- Exercise prompt
The result should be the lines from the one holding "Brilhante cintilante brilhante" to the end of the records below, repeated exactly. No pictures.

- Records shown

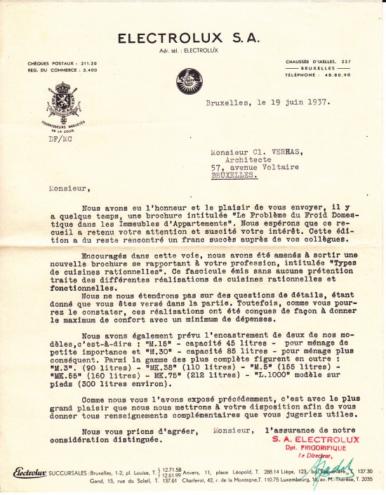 Types de Cuisines Rationelles Creations Electrolux 13 tekeningen van keukenontwerpen. Met originele brief.
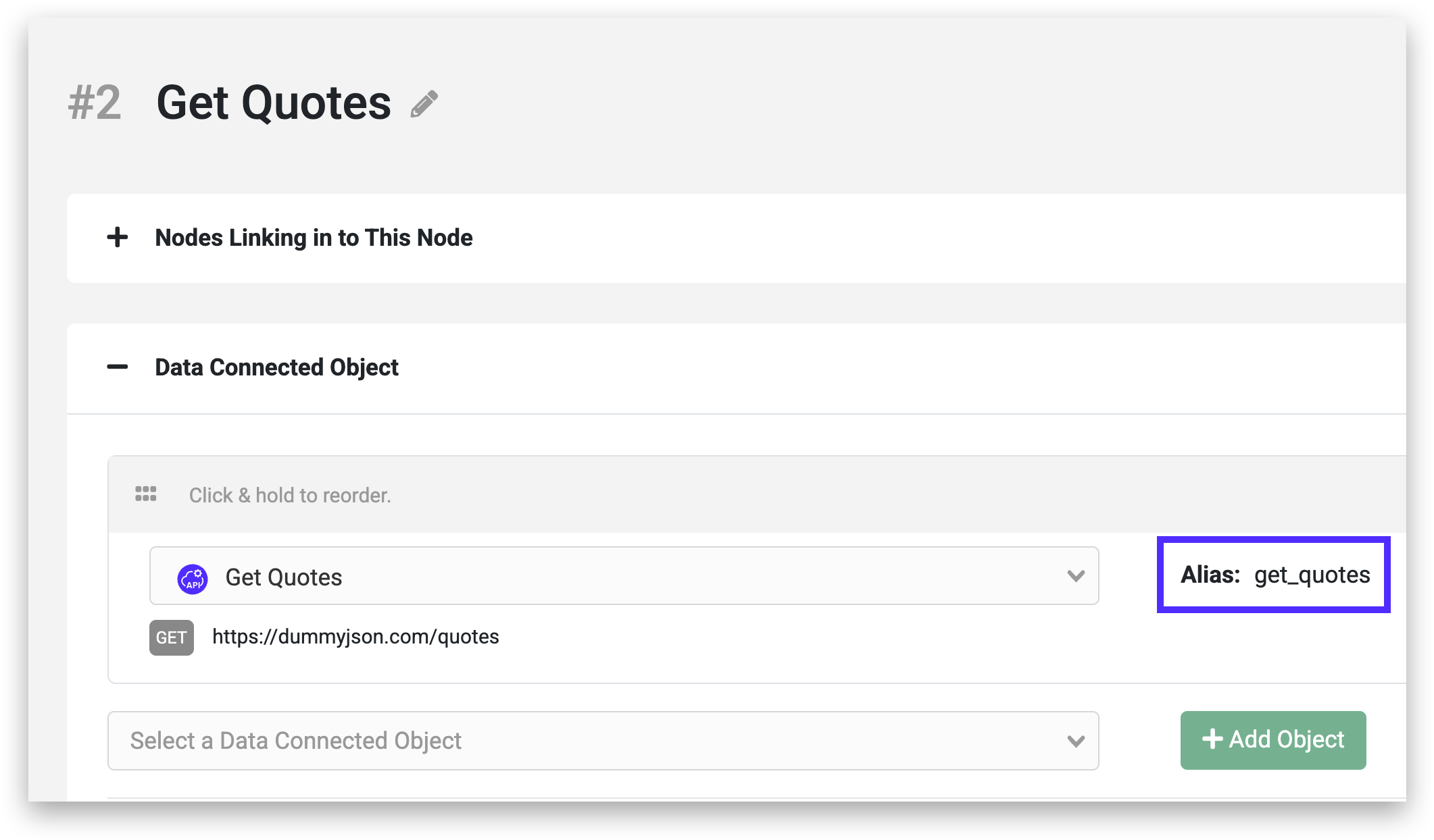 get_quotes. Reference your Connected Object node to get its value:Our variable name becomes
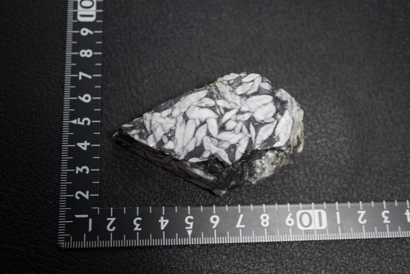 白色のマグネサイトと黒色のドロマイトが独特の美しい模様を描き出します。
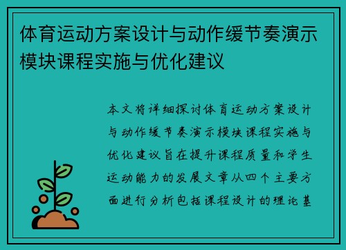 本文围绕“体育散打方案与训练动作库的系统化管理与优化实施方案”展开讨论,重点探讨如何通过科学合理的管理和优化方案提升体育散打训练效果。文章从四个方面详细阐述了体育散打方案与训练动作库的管理和优化措施,包括方案的系统化构建、动作库的分类与精细化管理、智能化工具的运用以及训练效果的评估与反馈机制。每一方面都从实际操作的角度出发,结合现有的管理与训练方法,提出了针对性的优化方案。通过这些措施的落实,可以...
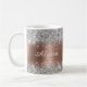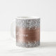 Brilhante cintilante brilhante cintilante clássico na borda superior, sobre uma folha metálica laminada de rosa dourado falso ou de aço inoxidável em forma de papel fotovoltaico. Personalize o script de estilo manuscrito moderno para criar sua própria caneca. Você pode adicionar uma inicial de monograma para criar uma combinação inicial de nome. Esta fina lamparina prateada falsa e folha de ouro de rosa de metal escovado serão perfeitas como presente personalizado para ela.
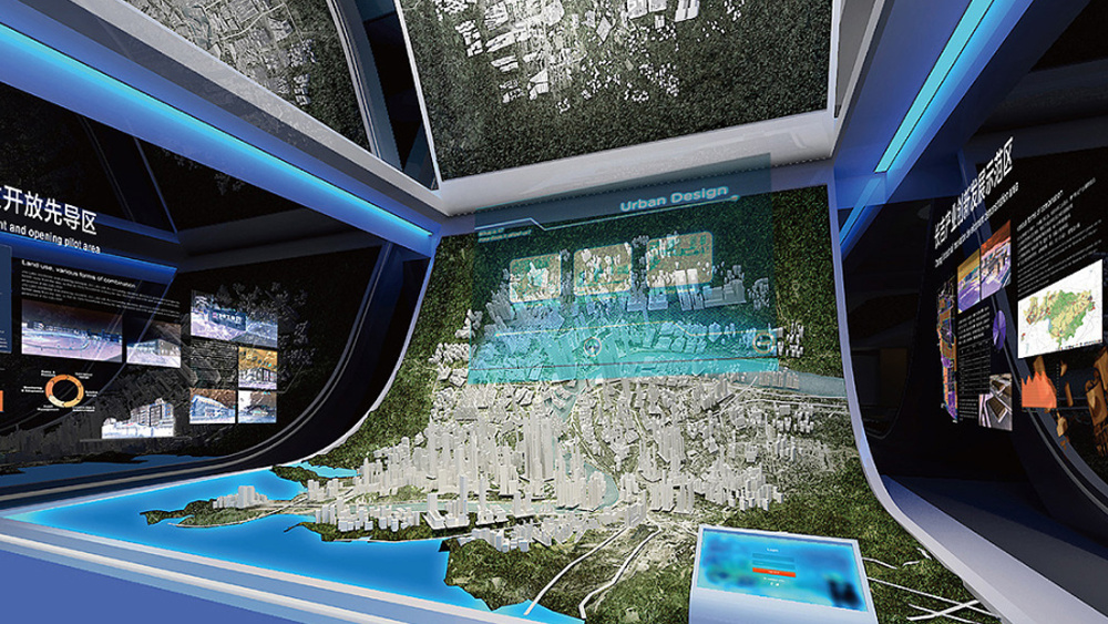 作为展馆视觉系统的核心组成部分,L型沉浸空间凭借垂直向度的立体延伸设计,塑造出具有强烈纵深感的展示环境。这一打破平面局限的空间结构,自然引导观众视线沿曲面流转,最终落于核心信息展区。在展示方式上,L幕进一步融合动态光影效果与多媒体交互技术。依托可编程控制的智能灯光系统,可实现随展示内容实时变化的亮度与色彩调控,结合3D投影映射技术,在幕墙表面形成丰富流动的光影图像,增强视觉表现力与科技感。

- Result of the exercise
 Brilhante cintilante brilhante cintilante clássico na borda superior, sobre uma folha metálica laminada de rosa dourado falso ou de aço inoxidável em forma de papel fotovoltaico. Personalize o script de estilo manuscrito moderno para criar sua própria caneca. Você pode adicionar uma inicial de monograma para criar uma combinação inicial de nome. Esta fina lamparina prateada falsa e folha de ouro de rosa de metal escovado serão perfeitas como presente personalizado para ela.
 作为展馆视觉系统的核心组成部分,L型沉浸空间凭借垂直向度的立体延伸设计,塑造出具有强烈纵深感的展示环境。这一打破平面局限的空间结构,自然引导观众视线沿曲面流转,最终落于核心信息展区。在展示方式上,L幕进一步融合动态光影效果与多媒体交互技术。依托可编程控制的智能灯光系统,可实现随展示内容实时变化的亮度与色彩调控,结合3D投影映射技术,在幕墙表面形成丰富流动的光影图像,增强视觉表现力与科技感。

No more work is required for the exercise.